* **Assignment**
Skip the pictures. Transcribe the rest of the data below without changing a word.
Raw data Block Start
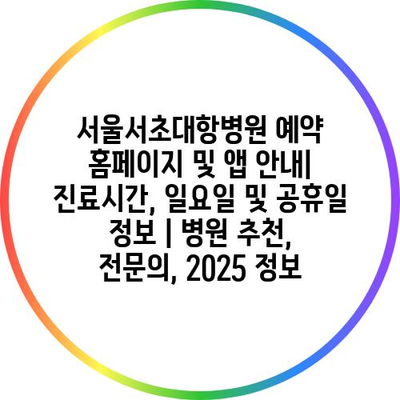 서울서초대항병원 예약 홈페이지 및 앱 안내| 진료시간, 일요일 및 공휴일 정보 | 병원 추천, 전문의, 2025 정보
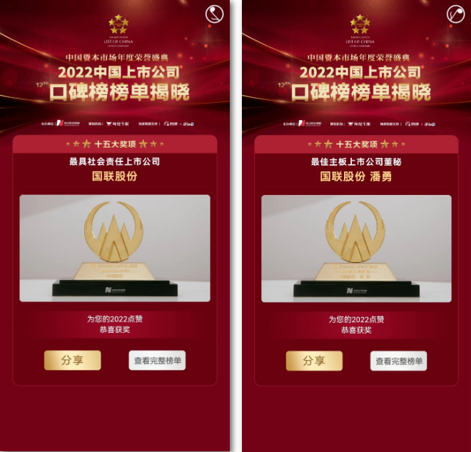 近(jìn)日(rì),中國(guó)資本市(shì)場(chǎng)年(nián)度榮譽盛典——“2022第十二屆中國(g™uó)上(shàng)市(shì)公司口碑榜”重磅發布。國(guó)聯股份榮獲“最具社會(huì)責Ω任上(shàng)市(shì)公司”獎項,同時(shí),國(guó)聯股份高(gāo)級副總裁、董秘潘勇榮獲“最佳主闆上(shàng)市(shì)公司董秘”獎項。
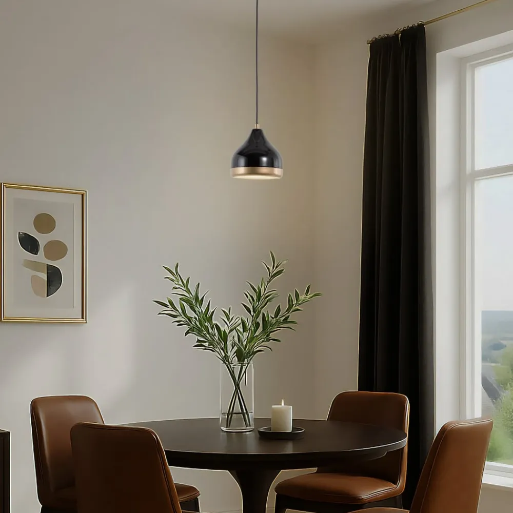 Hængelampen Yildo imponerer med sit moderne design og den harmoniske kombination af sort og guldfarvet metal. Denne lampe passer perfekt ind i forskellige boligområder som stuen, spisestuen og køkkenet, hvor den sætter stilfulde accenter. Den høje kvalitet og det tidløse design gør den til et blikfang i ethvert rum.
Raw data Block End
* **Solution to this task**
 서울서초대항병원 예약 홈페이지 및 앱 안내| 진료시간, 일요일 및 공휴일 정보 | 병원 추천, 전문의, 2025 정보
 近(jìn)日(rì),中國(guó)資本市(shì)場(chǎng)年(nián)度榮譽盛典——“2022第十二屆中國(g™uó)上(shàng)市(shì)公司口碑榜”重磅發布。國(guó)聯股份榮獲“最具社會(huì)責Ω任上(shàng)市(shì)公司”獎項,同時(shí),國(guó)聯股份高(gāo)級副總裁、董秘潘勇榮獲“最佳主闆上(shàng)市(shì)公司董秘”獎項。
 Hængelampen Yildo imponerer med sit moderne design og den harmoniske kombination af sort og guldfarvet metal. Denne lampe passer perfekt ind i forskellige boligområder som stuen, spisestuen og køkkenet, hvor den sætter stilfulde accenter. Den høje kvalitet og det tidløse design gør den til et blikfang i ethvert rum.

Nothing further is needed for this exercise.